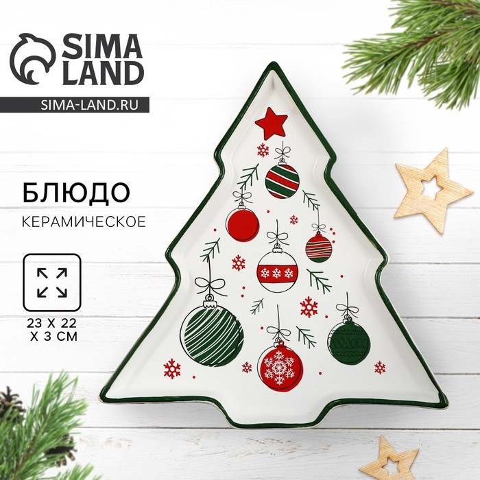 Новый год! Блюдо новогоднее керамическое «Ёлочные игрушки», 23х22х2 см, цвет белый
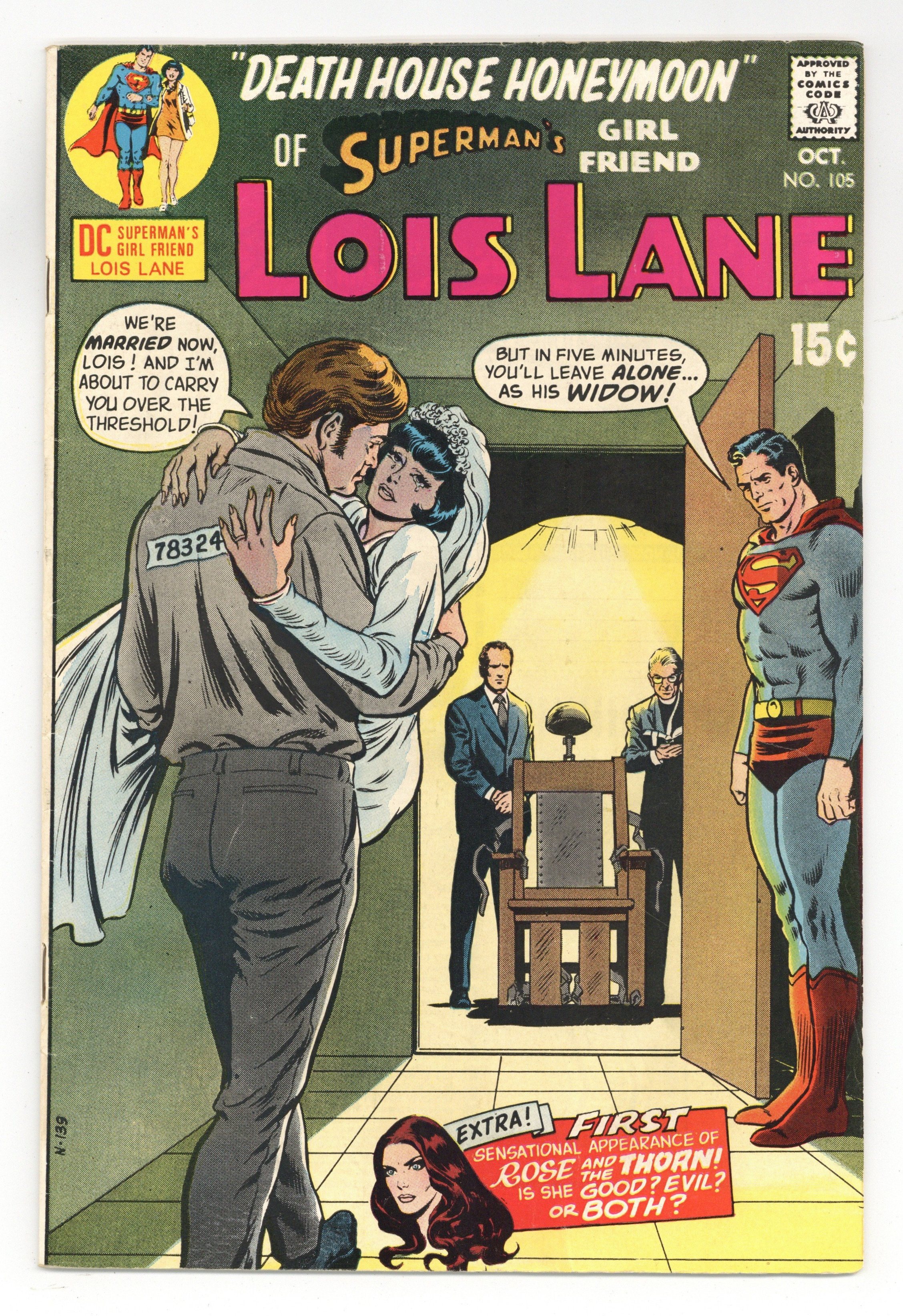 Cover pencils by Neal Adams, inks by Al Plastino. Lois Lane's Wedding Day!, script by Leo Dorfman, art by Kurt Schaffenberger; Lois goes undercover to expose a swindler running a lonely hearts' club scam, but he turns the tables on her by hiring a real minister so that her fake wedding to Clark Kent turns out to be real. The Wife of Superman!, script by Jerry Siegel, art by Kurt Schaffenberger; Lois is jealous because Lana has taken her old job and also flirts constantly with Superman (because no one knows Superman and Lois are married). Lana Lang's Romance with Superman VI!, script by Jerry Siegel, pencils by Curt Swan, inks by George Klein; Lois marries Superman and Lana Lang is sent to the future where she marries Superman IV, Superman and Lois's great-grandson (imaginary story). Lois Lane's Secret Identity!, script by Jerry Siegel, art by John Forte; Lois goes undercover as Lorelei Larue to catch the Society Bandit. The Silver Coin of Fate!, script by Robert Bernstein, art by Kurt Schaffenberger; Superman flips a coin to decide whether he will marry Lois or Lana; Lois wins, but during the ceremony, "Superman" is revealed to be a Bizarro-Superman. The Bride of Luthor! [The Wife of Superman's Foe! Part I], script by Jerry Siegel, art by Kurt Schaffenberger; Luthor kidnaps Lois and takes her to another planet, but the inhabitants of that world use their powers to reform Luthor. Test Your Lois Lane I.Q. activity page. The Son of Luthor! [The Wife of Superman's Foe! Part II]; Lois and Lex have a son who grows up to be a juvenile delinquent (imaginary story). The Devil and Lois Lane!, script by Leo Dorfman, art by Kurt Schaffenberger; When Superman overhears Lois tell her college boyfriend, Lance Jason, that she would sell her soul to the devil for a chance to marry Superman, he decides to teach her a lesson and masquerades as Satan, offering Lois her dream marriage in exchange for her soul. 84 Pages, Full Color. Cover price $0.25.
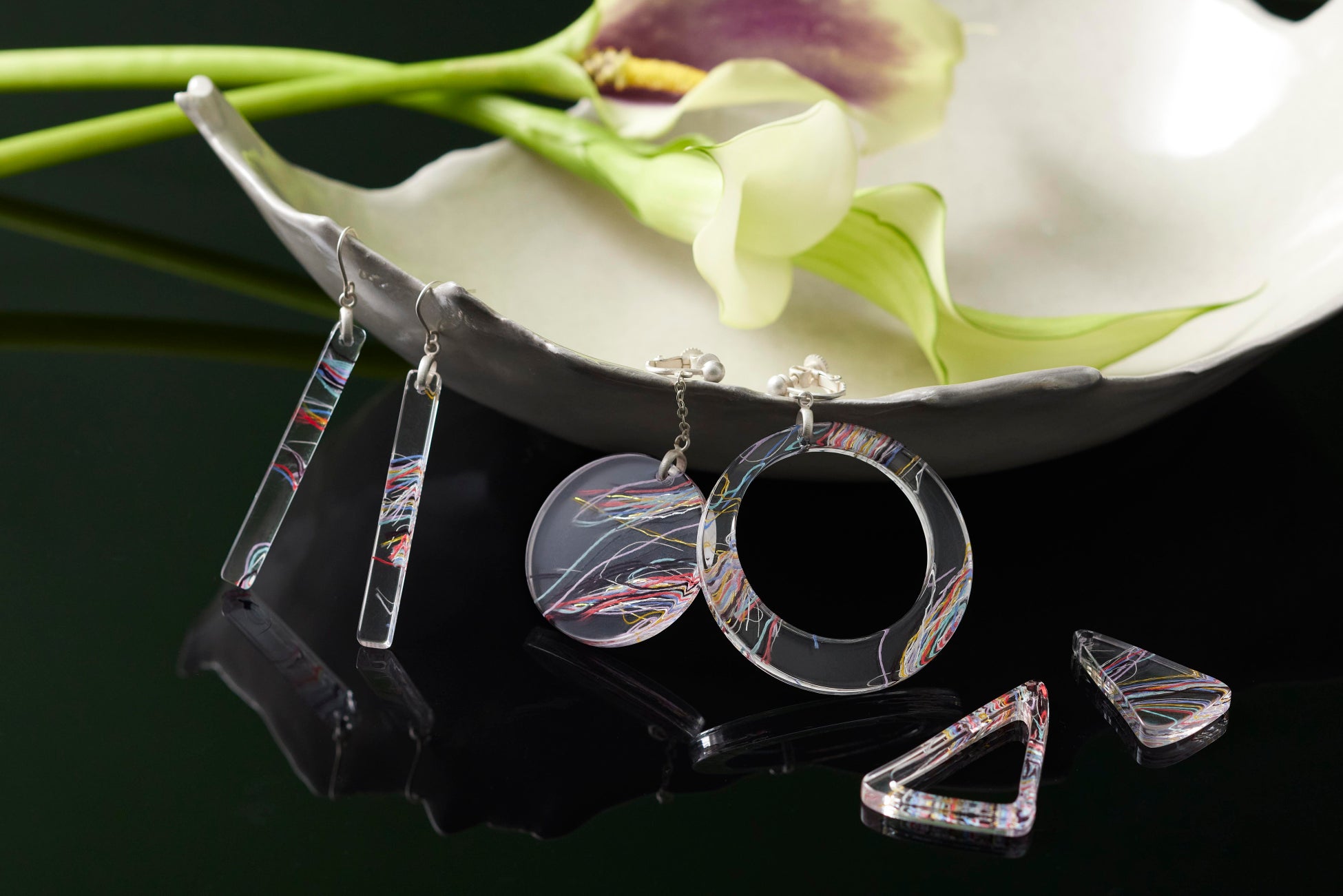 アクリルをメインに鏡、木、紙、糸、布、化粧品、コーヒー豆、海洋プラスチック等の廃材をアップサイクルし製品化、販売しています。アップサイクル時にあえて着色等はせず、役目の終えた素材の持つ色味や質感、偶然できる重なりを活かし、一点ものの製品として新しい命を吹き込んでいます。

###

Exercise goal: The expected output is an exact copy of the lines from the one holding "Cover pencils by" through the last line of the listing above, with the pictures omitted.

Answer to this task:
 Cover pencils by Neal Adams, inks by Al Plastino. Lois Lane's Wedding Day!, script by Leo Dorfman, art by Kurt Schaffenberger; Lois goes undercover to expose a swindler running a lonely hearts' club scam, but he turns the tables on her by hiring a real minister so that her fake wedding to Clark Kent turns out to be real. The Wife of Superman!, script by Jerry Siegel, art by Kurt Schaffenberger; Lois is jealous because Lana has taken her old job and also flirts constantly with Superman (because no one knows Superman and Lois are married). Lana Lang's Romance with Superman VI!, script by Jerry Siegel, pencils by Curt Swan, inks by George Klein; Lois marries Superman and Lana Lang is sent to the future where she marries Superman IV, Superman and Lois's great-grandson (imaginary story). Lois Lane's Secret Identity!, script by Jerry Siegel, art by John Forte; Lois goes undercover as Lorelei Larue to catch the Society Bandit. The Silver Coin of Fate!, script by Robert Bernstein, art by Kurt Schaffenberger; Superman flips a coin to decide whether he will marry Lois or Lana; Lois wins, but during the ceremony, "Superman" is revealed to be a Bizarro-Superman. The Bride of Luthor! [The Wife of Superman's Foe! Part I], script by Jerry Siegel, art by Kurt Schaffenberger; Luthor kidnaps Lois and takes her to another planet, but the inhabitants of that world use their powers to reform Luthor. Test Your Lois Lane I.Q. activity page. The Son of Luthor! [The Wife of Superman's Foe! Part II]; Lois and Lex have a son who grows up to be a juvenile delinquent (imaginary story). The Devil and Lois Lane!, script by Leo Dorfman, art by Kurt Schaffenberger; When Superman overhears Lois tell her college boyfriend, Lance Jason, that she would sell her soul to the devil for a chance to marry Superman, he decides to teach her a lesson and masquerades as Satan, offering Lois her dream marriage in exchange for her soul. 84 Pages, Full Color. Cover price $0.25.
 アクリルをメインに鏡、木、紙、糸、布、化粧品、コーヒー豆、海洋プラスチック等の廃材をアップサイクルし製品化、販売しています。アップサイクル時にあえて着色等はせず、役目の終えた素材の持つ色味や質感、偶然できる重なりを活かし、一点ものの製品として新しい命を吹き込んでいます。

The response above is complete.